Who can even with $45 billion?
I was going to write about this being a busy season for giving and reflecting on Giving Tuesday, and a number of other thanking/holiday ideas connected to fundraising, but this current week has me in a state of not being able to even.
First, there’s continuing violence against people of color and the lack of justice they are served with the civic and public trials of the killers of Freddie Gray and Laquan McDonald. Then there’s yet another “loner” who shoots up a Planned Parenthood. Then. Yet. Another. Mass. Shooting. All of this on top of climate change deniers trying to run the table at the Paris climate talks. I can’t even. Who can?
When the world gets to a place like it has been in this past week, I am reminded why I work in the nonprofit sector. We are the problem solvers. We provide solutions: hungry? Here’s some food. Have a need not being met? Here’s some services. Need some knowledge? Here’s some education.
And that’s why fundraising, and smart fundraising is so important.
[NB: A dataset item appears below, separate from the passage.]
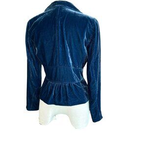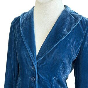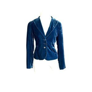 Sunny Leigh Dark Teal Blue Velvet Fitted Blazer Jacket Size 4

Fundraising = $$$ for food, services, and education.
Nonprofit funding was also in the news this week, and not just for GivingTuesday (which I can never decide is banal or annoying or great or all three). Mark Zuckerberg, CEO of Facebook, moved the majority of his stock into an LLC and announced it on his social media platform with his wife in a letter to their daughter.
Will this make a difference in charitable funding? Will rich people no longer be vilified ala Mr. Burns on The Simpsons?
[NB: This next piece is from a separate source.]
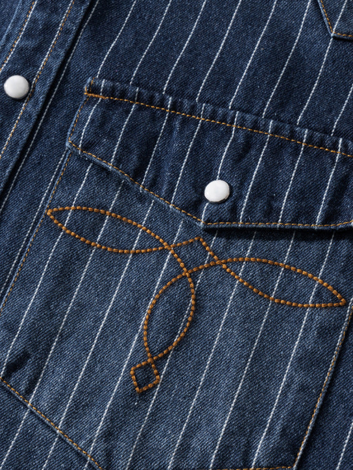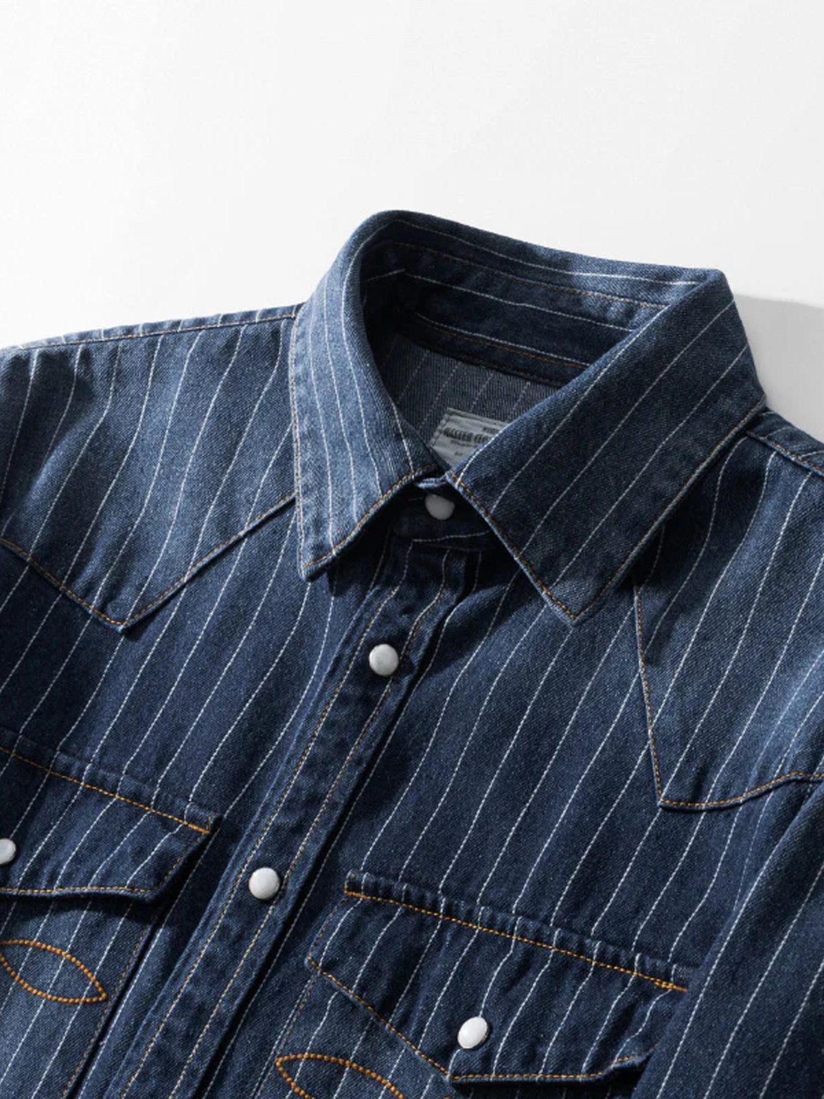 Western Yoke Wabash Stripe Denim Cotton Shirt

Let’s put it this way - if you are rich, and want to keep that wealth in perpetuity, stick it in a private foundation and invest your bazillions for ever and ever (see: every Ivy League’s endowment). If you want to keep your wealth but also maintain more freedom to do whatever you want with it, stash it in a little LLC like Mr. Zuckerberg.
Smart nonprofiteers (is this a word? Is now.) probably read the very flattering articles in Bloomberg or the Wall Street Journal and thought, “We’ll see.”
It’s possible this Chan Zuckerberg Initiative will cure diseases and lift whole nations out of poverty. I mean, one assumes that with $45 billion dollars you could cure at least ONE disease. I don’t know what that kind of scratch gets you these days, but Malaria seems to be circling the drain, right?
If this Initiative were an actual public charity or even a private foundation, it would be legally required to at least attempt to cure a disease. Or it would at minimum have a governing body designed to make sure it’s fulfilling its promise to try to cure a disease.
As an LLC, Zuckerberg isn’t required to do anything. Or achieve anything. Which is probably what you want after you so famously fail in your first few rounds of charitable exercise.
I for one wish LOADS of success on the Chan Zuckerberg Initiative. But I won’t hold my breath. For now, me and the other 45 million people in this line of work that could really get some mileage out of $45 billion have to get down to the real business of distributing food and services and knowledge.